Britain has until the end of the year to sign a new trade agreement with the European Union, when the transition period following its exit from the bloc comes to an end. Although much remains to be discussed, both parties have signalled progress.

Last week, French President Emmanuel Macron told British Prime Minister Boris Johnson that France still supported reaching a deal on Brexit and EU chief Ursula von der Leyen stressed "willingness to undertake all possible efforts to come to an agreement.”

The pound was last up 0.6 per cent at US$1.2425, having fallen earlier to US$1.2337, its lowest since June 1. Against the euro, sterling was up 0.2 per cent at 90.26 pence.

"In the two talks that Boris has last week there was real progress, both sides came out more optimistic and it seems that they are trying to compromise on all the open issues,” said Athanasios Vamvakidis, global head of G10 FX strategy at Bank of America Merrill Lynch, adding "the chances for a trade deal have improved.”

On top of that, "now it’s almost a given that we will see better data,” simply because recent economic indicators have been so dire due to the lockdown imposed to fight the coronavirus pandemic, Vamvakidis said.

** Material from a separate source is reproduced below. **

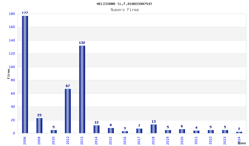 Anno Firme Importi Media Naz. Reg. Prov. Comu.

Britain is expected to announce new measures on Covid-19 this week and could ease the two-metre social distancing rule to allow pubs and restaurants to accommodate more people.

The Daily Telegraph newspaper reported late on Saturday that Johnson would announce a new "one metre plus” rule.

Some analysts believe the pound should have risen more, especially after the Bank of England last week dampened expectations for negative rates and slowed the pace of quantitative easing in response to improved market functioning and signs of economic recovery over the past month.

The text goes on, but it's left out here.